The World's Largest Numbers, Part One

Update 2021-10-09

Thank you for reading "The World's Largest Numbers". This series of articles is no longer maintained. I recommend the Googology Wiki as an alternative source for information about large numbers. It includes pages about Bowers' array notations and many related topics.


Preamble

If you are a keen-ish recreational mathematician then you may be aware that the world's largest number - short of infinity, naturally - is Graham's Number, an astoundingly large integer used as the upper bound of a proof in graph theory.

Specifically, Graham's Number is the largest number to have found a mathematical use.
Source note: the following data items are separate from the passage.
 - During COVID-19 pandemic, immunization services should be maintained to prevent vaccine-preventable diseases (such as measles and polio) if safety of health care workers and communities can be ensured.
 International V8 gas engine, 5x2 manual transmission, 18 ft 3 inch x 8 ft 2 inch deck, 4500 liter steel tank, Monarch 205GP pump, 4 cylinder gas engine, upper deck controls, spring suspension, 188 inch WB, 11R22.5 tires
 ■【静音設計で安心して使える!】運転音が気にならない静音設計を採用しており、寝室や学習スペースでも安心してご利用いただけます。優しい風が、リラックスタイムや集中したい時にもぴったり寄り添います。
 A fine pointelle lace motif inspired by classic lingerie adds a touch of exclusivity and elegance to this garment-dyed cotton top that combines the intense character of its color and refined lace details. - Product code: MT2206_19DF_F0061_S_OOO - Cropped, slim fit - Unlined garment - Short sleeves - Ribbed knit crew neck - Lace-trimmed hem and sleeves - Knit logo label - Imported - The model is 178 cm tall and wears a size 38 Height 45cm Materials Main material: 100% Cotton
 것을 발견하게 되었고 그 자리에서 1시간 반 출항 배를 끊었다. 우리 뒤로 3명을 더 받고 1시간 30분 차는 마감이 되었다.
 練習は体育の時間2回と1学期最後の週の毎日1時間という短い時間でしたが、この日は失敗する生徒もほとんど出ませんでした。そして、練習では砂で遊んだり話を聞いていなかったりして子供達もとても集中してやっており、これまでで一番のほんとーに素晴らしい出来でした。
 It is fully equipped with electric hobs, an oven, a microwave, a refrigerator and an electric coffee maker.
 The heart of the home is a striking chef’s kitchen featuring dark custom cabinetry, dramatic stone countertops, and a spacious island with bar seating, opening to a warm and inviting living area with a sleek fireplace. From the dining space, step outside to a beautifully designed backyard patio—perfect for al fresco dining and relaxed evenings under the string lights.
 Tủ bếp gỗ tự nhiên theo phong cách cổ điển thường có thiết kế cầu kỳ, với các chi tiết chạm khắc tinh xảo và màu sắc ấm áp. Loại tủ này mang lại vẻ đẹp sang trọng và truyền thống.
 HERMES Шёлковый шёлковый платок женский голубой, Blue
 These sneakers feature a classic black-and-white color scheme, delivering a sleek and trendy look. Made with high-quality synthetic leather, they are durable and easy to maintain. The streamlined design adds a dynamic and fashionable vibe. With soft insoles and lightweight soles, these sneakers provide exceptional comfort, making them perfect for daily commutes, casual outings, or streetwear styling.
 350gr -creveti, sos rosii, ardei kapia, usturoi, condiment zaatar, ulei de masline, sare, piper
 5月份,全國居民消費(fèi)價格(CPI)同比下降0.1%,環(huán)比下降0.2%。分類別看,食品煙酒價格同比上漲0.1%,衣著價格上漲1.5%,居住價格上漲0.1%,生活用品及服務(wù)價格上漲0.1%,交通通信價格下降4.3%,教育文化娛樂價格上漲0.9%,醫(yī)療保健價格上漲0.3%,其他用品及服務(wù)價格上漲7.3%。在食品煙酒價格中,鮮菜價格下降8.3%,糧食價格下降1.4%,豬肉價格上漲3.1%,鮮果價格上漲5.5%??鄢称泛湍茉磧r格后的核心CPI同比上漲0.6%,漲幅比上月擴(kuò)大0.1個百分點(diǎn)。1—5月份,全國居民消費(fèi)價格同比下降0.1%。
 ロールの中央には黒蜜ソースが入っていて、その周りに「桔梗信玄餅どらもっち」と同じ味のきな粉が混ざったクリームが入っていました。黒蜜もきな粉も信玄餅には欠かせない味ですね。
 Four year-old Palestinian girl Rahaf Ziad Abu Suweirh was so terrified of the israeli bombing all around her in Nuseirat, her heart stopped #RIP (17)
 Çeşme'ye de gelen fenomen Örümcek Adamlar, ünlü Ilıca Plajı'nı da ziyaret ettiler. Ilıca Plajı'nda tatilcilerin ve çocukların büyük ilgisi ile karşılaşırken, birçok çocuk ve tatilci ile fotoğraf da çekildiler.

Naturally, any number you can describe can simply be increased by 1 to get a larger one.

What you may not be aware of is just how much closer to infinity mathematicians have managed to get.

Jonathan Bowers' "Exploding Array Function" is a highly recursive system of notation capable of expressing numbers unimaginably larger than anything found in Donald Knuth's up-arrow notation, John Conway's chained arrow notation or Steinhaus-Moser notation.

Bowers' notation is extremely versatile and powerful and, in the main, logically constructed. It serves as a good extension to existing mathematical functions for generating large numbers. Unfortunately, the web pages on which Bowers himself explains his notation are exceptionally poorly designed and his mathematical explanations - invariably and inexplicably presented in-line - are more or less incoherent. They take some interpretation.

Because I feel Bowers' notation is not without merit, I have spent some time deciphering his writings in order to present them to a wider audience.

The array notation Bowers has devised has several distinct layers of complexity. To deal with all these layers at once would be too tedious to do in a single article, so here we will only deal with the simplest variety of array notation, linear arrays.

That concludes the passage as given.